Von Holger Buchwald
Heidelberg. Bei Michael Eckert steht das Telefon nicht mehr still. Seit Tagen wird der 63-jährige Vorsitzende des Heidelberger Anwaltsvereins und Fachanwalt für Arbeitsrecht mit Anfragen aus allen Branchen, besonders aus dem Heidelberger Gastgewerbe und Einzelhandel, bombardiert. Viele Selbstständige fürchten in den Zeiten der Corona-Krise um ihre Existenz. Eckert erklärt, worauf es jetzt ankommt.

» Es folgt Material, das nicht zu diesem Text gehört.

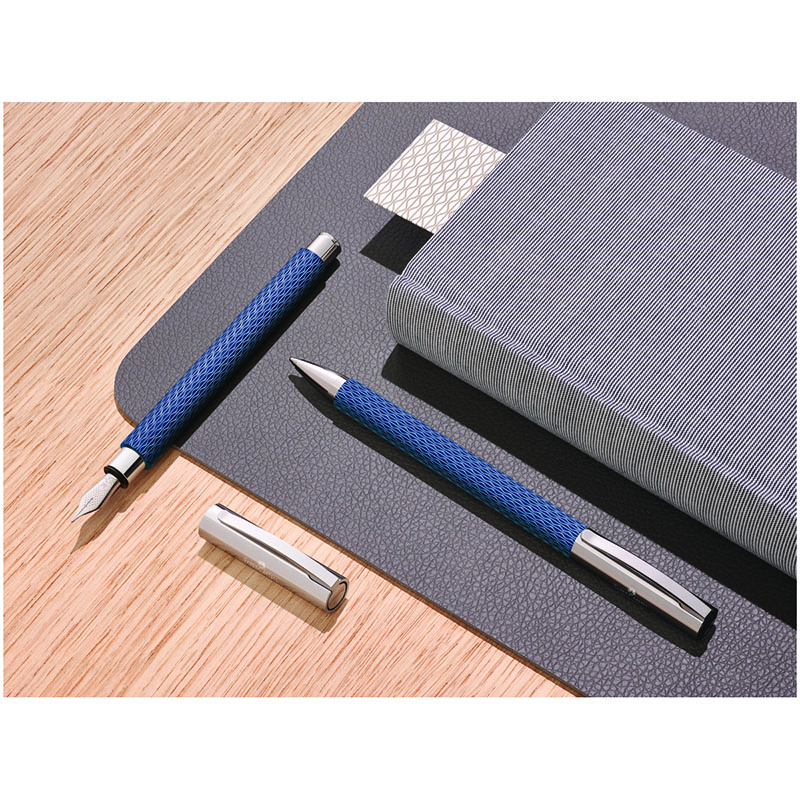 Подарочная шариковая ручка Faber-Castell Ambition OpArt Deep Water. Корпус ручки реализован в стиле OpArt (художественное течение второй половины XX века, использующее различные оптические иллюзии, основанные на особенностях восприятия плоских и пространственных фигур). Вдохновением для создания данной серии ручек послужили океанские глубины, поэтому цвет корпуса и узор выполнены в оттенках глубокого синего цвета. Корпус ручки создан из драгоценной смолы, покрыт лаком с тонкой гильошированной гравировкой. Основание пишущего узла и колпачок изготовлены их хромированного полированного металла. Ручка обладает поворотным механизмом. Колпачок снабжен подпружиненным металлическим клипом, который позволит прикрепить ручку к ежедневнику или блокноту. Ручка поставляется в белой подарочной коробочке. Эта стильная ручка станет желанным подарком для ценителей качественных и элегантных пишущих принадлежностей.

Herr Eckert, welche Rechtsfragen brennen ihren Mandanten besonders unter den Nägeln?
Viele Gastronomen und Einzelhändler mussten ihre Betriebe schließen. Sie sorgen sich jetzt, wie lange sie das finanziell durchhalten können. Schließlich müssen sie ja ihre Miete, ihre Pacht und ihre Nebenkosten weiterbezahlen. Und sie fragen sich natürlich ganz besonders, was sie mit ihren Mitarbeitern machen sollen, jetzt, wo keine Kundschaft mehr da ist. Denn die Angestellten haben ja bestehende Verträge.
Müssen die Mitarbeiter auch weiter bezahlt werden? Muss der Chef für sie Arbeit suchen?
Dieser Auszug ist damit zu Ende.